In fact, Trump’s actual campaign has said very little about scientific research and health research in particular.
Tanisha Carino, Vice President for U.S. Public Policy at GlaxoSmithKline, thinks that “the fact that he did not take an ideological position may be a positive thing…” in the sense that President-Elect Trump may be more open to influence by leaders in the field.
However, one potential negative of a Trump cabinet is an isolationist, nationalist, foreign policy. Carino notes that science is international in nature. It works best when different countries and different communities contribute together to achieve discovery.
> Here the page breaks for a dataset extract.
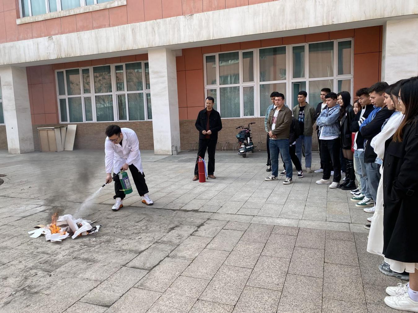 演练结束后,实训中心的老师们讲解了灭火器的用途,并对如何使用水基、干粉灭火器进行现场示范,也让学生们在学习理论知识的同时,亲自“上手”体验“提拔握压”的灭火器操作要领。此外,实训中心管理员老师还通过互动问答方式,加深了同学们对于消防安全知识的理解。
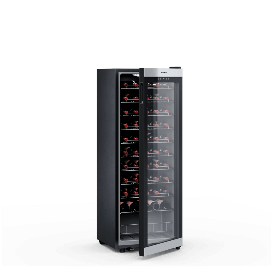 This single-zone wine cooler is a beautiful addition to any home, restaurant or hotel bar. It has room for 55 Bordeaux bottles – attractively presented behind a 3-layer glass door and softly illuminated with a white interior light. Suitable for freestanding use.

To illustrate this point, Carino mentions antibiotic resistance as one of the most pressing global issues, due to various drug-resistant strains emerging all throughout the world.
An interesting thing to note is that Newt Gingrich, who is very close to President-Elect Trump, has long been proposing significant funding for all medical research. With his name floating around for a possible cabinet appointment, this could be a significant boon for healthcare research and development.
Finally, Tom Leary, Vice President of Government Relations at the Healthcare Information and Management Systems Society (HIMSS), says the following, “I do believe that the House and Senate
are still very much interested in ensuring the U.S. maintains its high level of superiority in biomedical research and the tenants of the Cures Act (21st Century Cures Act), whether it’s passed now or a newer version comes up in the new year, is really to keep the U.S. at the forefront of biomedical research, well into the 21st century. That’s bipartisan and bicameral, that’s a national priority.” (Source)
6. Decreased Immigration and Global Trade Could Directly Harm the Technology Industry (Source)
Like research, the technology industry often recruits highly skilled workers from abroad. Engineers, coders, and others make up a large part of the workforce for places like Silicon Valley and other tech hotspots around the country. In fact, Facebook CEO Mark Zuckerberg and Yahoo CEO Marissa Mayer have lobbied for increased immigration of foreign skilled workers.
According to an article in the Los Angeles Times, President-Elect Trump has previously come out in support of skilled immigration. However, he has stated his opposition to H-1B specialty nonimmigrant visas, which is a primary way for skilled immigrants to enter the country.
In addition, Trump’s seven point plan for free trade is a major concern for those businesses that operate overseas. Dan Ridsdale, head of technology at Edison Investment Research, says that, “Companies such as Apple, for whom China is an important export market, may well suffer from the backlash…”
As technology becomes more and more integrated into healthcare, policies on immigration and trade could have a significant impact on the industry as a whole. Some health technology and IT companies rely heavily on foreign skilled labor, while some even operate outside the U.S.
7. Investor Uncertainty
As Trump inched closer and to closer to victory on election night, the stock market plummeted due to the unpredictability of what a Trump presidency could mean. The unexpected victory has created a shroud of uncertainty for investors.
As a rule, investors tend to avoid uncertainty and stay risk averse during these times. This could mean a huge drain on investment into the healthcare industry, whether it be in technology, research, education, or others.
While this is a concern, It is still important to remember that President-Elect Trump has not released any of his policies related to technology or research and therefore, it may be premature to make judgments about investors and potential investments this early on.
The important thing to remember with all of this is that so far it’s just educated speculation. We don’t know what the Trump presidency actually means for the healthcare industry. Until Trump appoints his cabinet, takes office on January 20th of 2017, and starts to initiate his policies, will we get an idea of where the future of healthcare is headed.